* Data to examine:
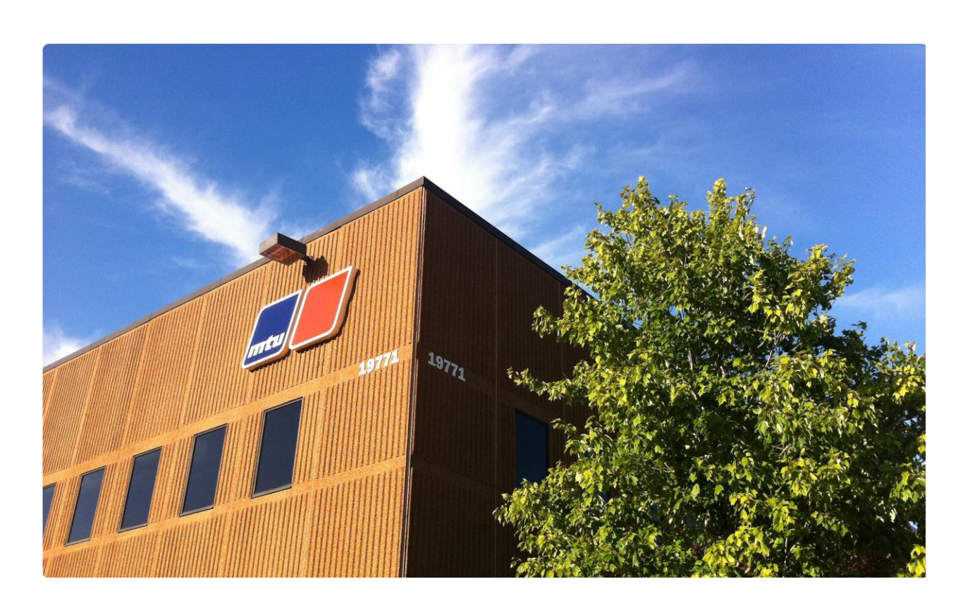
MTU America Lead Consultant
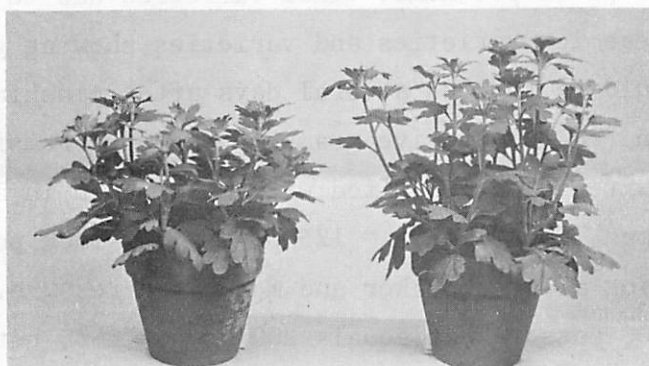
Figure 2. Golden Yellow Princess Anne, planted Dec. 22, lighted Dec. 22 to Dec. 29, pinched Jan. 5, plant on left was treated with 125 ppm Phosfon-D solution (as described in text) on Jan. 8. Photo made on February 5.
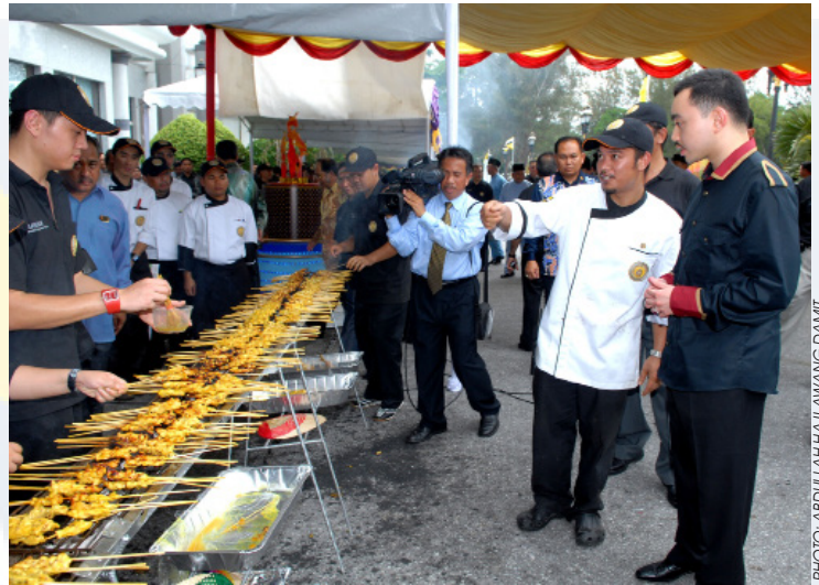
His Royal Highness takes a closer look on the largest serving grilled satay in the world.

This initiative was organised to answer the call made by His Majesty The Sultan and Yang Di-Pertuan of Brunei Darussalam in his royal speech to mark Hari Raya in 2001 for everyone to come forward and help
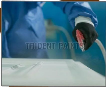
Fouling Release Coating
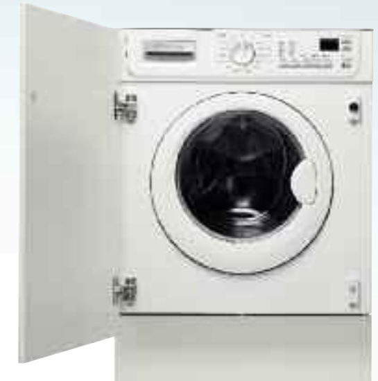
EWX12550W Fully integrated 1200rpm spin electronic washer dryer
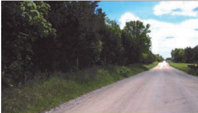
47 Acres - Callaway County 1/2 mile of county road frontage
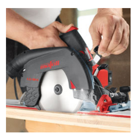
Dispensing with a detachable riving knife, the FLIPPKEIL permits reliable, convenient and straightforward plunge cutting.
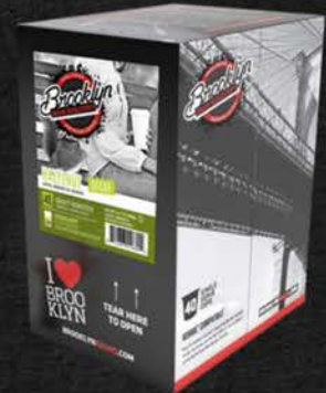
BROOKLYN BEAN DECAF HAZELNUT 40 CT 11M1341
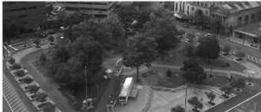
Wilkes-Barre's Public Square
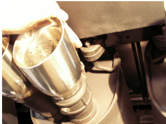
2008 NPP EXHAUST

The 2008 corvette outfitted with the NPP exhaust system utilizes the prior years Z06 vacuum actuated muffler and tips mated to a newly designed manifold/cat system that is ½ to ¾ longer. As a result the NNP configuration forces the system to sit slightly lower then the previous years Z06. In order to install the ACC stainless steel exhaust port filler panel both the all stainless design as well as the newer heavier perforated design and the laser cut design, Special adjustment instructions must be performed. What these instructions will explain is how to easily reposition the muffler and tip system to allow the panel to fit. Currently these instructions have been 100% successful and are as follows.
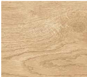
1427 Bourbon Yellow
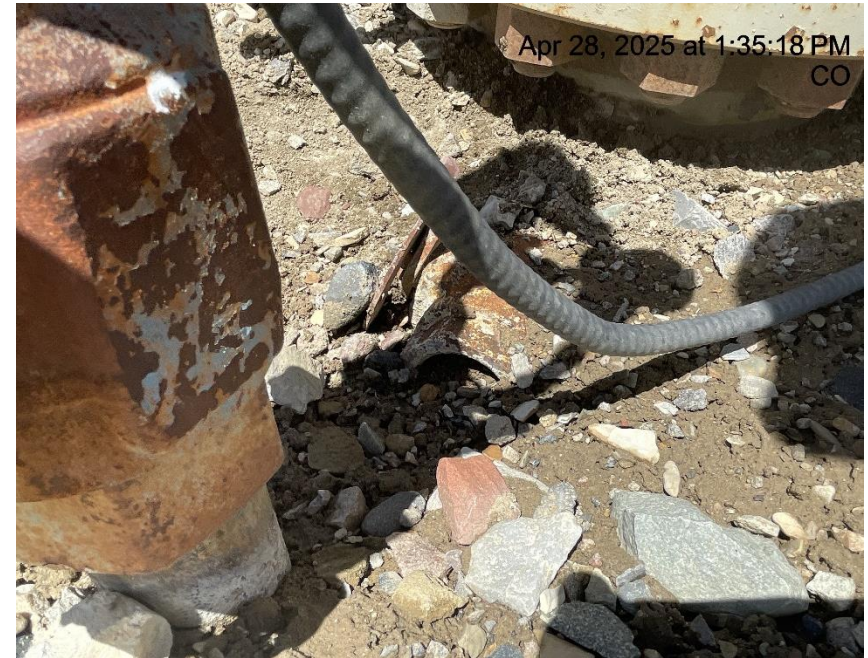
Photo # 6466 Partially buried valve on the JUNIPER 2-16 (M1E) well (possibly SC BH valve or IC BH valve)
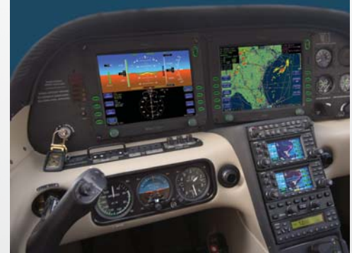
The DFC90 was initially certified as a replacement for the STEC55X in Entegra-equipped Cirrus SR20 & SR22 aircraft.

In Flight Director modes, all these actions appear as guidance cues with corrections blended into the "V-bar" commands. Even when the autopilot is off, the DFC90's Envelope Alerting (EA) provides aural and visual cues to the pilot when envelope exceedences are approached.
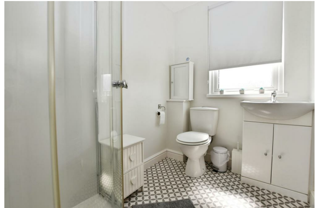
Shower Room 6'9 x 5'0 (2.06m x 1.52m)

With a walk in shower enclosure and mixer shower above, low flush toilet and vanity sink. Upvc double glazed window and central heating radiator.
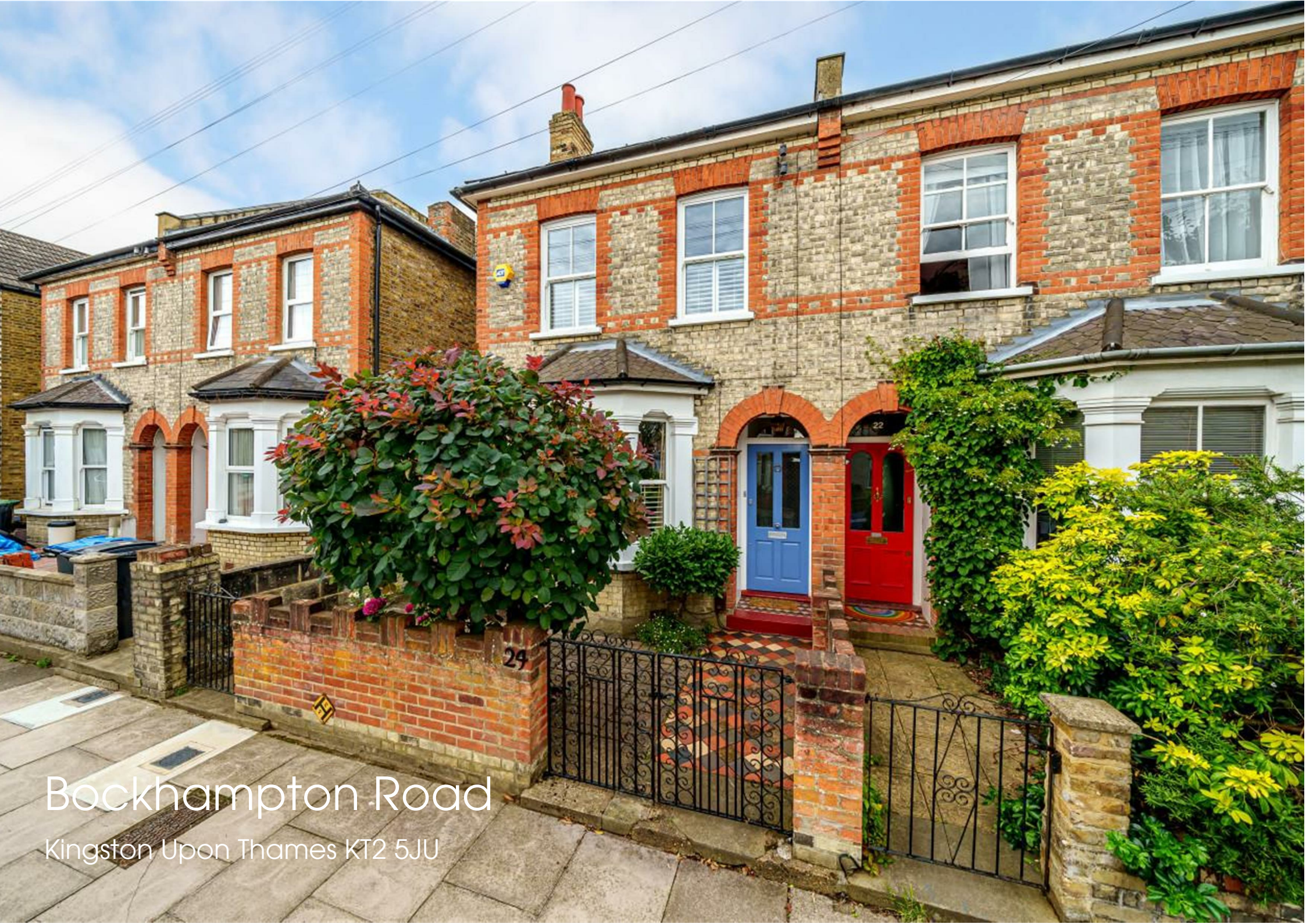
Bockhampton Road Kingston Upon Thames KT2 5JU

34 Richmond Road Kingston upon Thames Surrey KT2 5ED www.gibsonlane.co.uk Tel: 020 8546 5444

* Your task: Give again, exactly as written above, every line from the one holding "His Royal Highness" to the one holding "47 Acres - Callaway", with both ends kept and the pictures left out.

* Worked solution:
His Royal Highness takes a closer look on the largest serving grilled satay in the world.

This initiative was organised to answer the call made by His Majesty The Sultan and Yang Di-Pertuan of Brunei Darussalam in his royal speech to mark Hari Raya in 2001 for everyone to come forward and help
Fouling Release Coating
EWX12550W Fully integrated 1200rpm spin electronic washer dryer
47 Acres - Callaway County 1/2 mile of county road frontage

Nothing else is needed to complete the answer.